Uwagę z pewnością przyciąga stojący koło niewielkiej kanapy regał, po brzegi zapełniony książkami. Wszystkie naukowe, wszelakiej maści, można też się doszukać starych szkolnych podręczników. Dużo biologii? Oj, to nie wszystko, reszta jest w sypialni. Tam stoi drugi regał, jeszcze bardziej zapchany i tym razem wszystko dotyczy nauk przyrodniczych. Botanika, zoologia, anatomia, genetyka, biochemia, biomagia, biofizyka – znajduje się tu cały sylabus studiów biologicznych. Nie zabraknie też grubych zeszytów z autorskimi notatkami; te akurat mają własną półkę.
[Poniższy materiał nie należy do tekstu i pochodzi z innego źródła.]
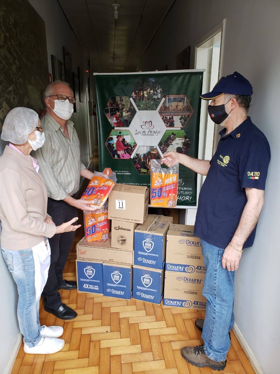 Produtos de higiene e limpeza para controle dos efeitos da pandemia aos assistidos pela Fundação Lucas Araujo, adquiridos com recursos do Distrito e aporte do Clube.

W mieszkaniu jest mało roślin (nie licząc alegatów zielnikowych). Jedna mała na parapecie w sypialni, jedna większa koło wyjścia na balkon w dużym pokoju i cebula na lodówce. Żadnego zwierzaka w zasięgu wzroku poza muchą, która okazjonalnie wpadnie przez uchylone okno oraz kosarzem chowającym się za szafką w łazience. Jak na mieszkanie biologa, nie licząc książek i zielnika, mało tu biologii. Nawet pościel nie ma roślinnego wzoru, tylko jest zwykła, szara. Szarość, typowe drewno sosny, trochę białych i czarnych detali...
Czemu w tym mieszkaniu tak... depresyjnie?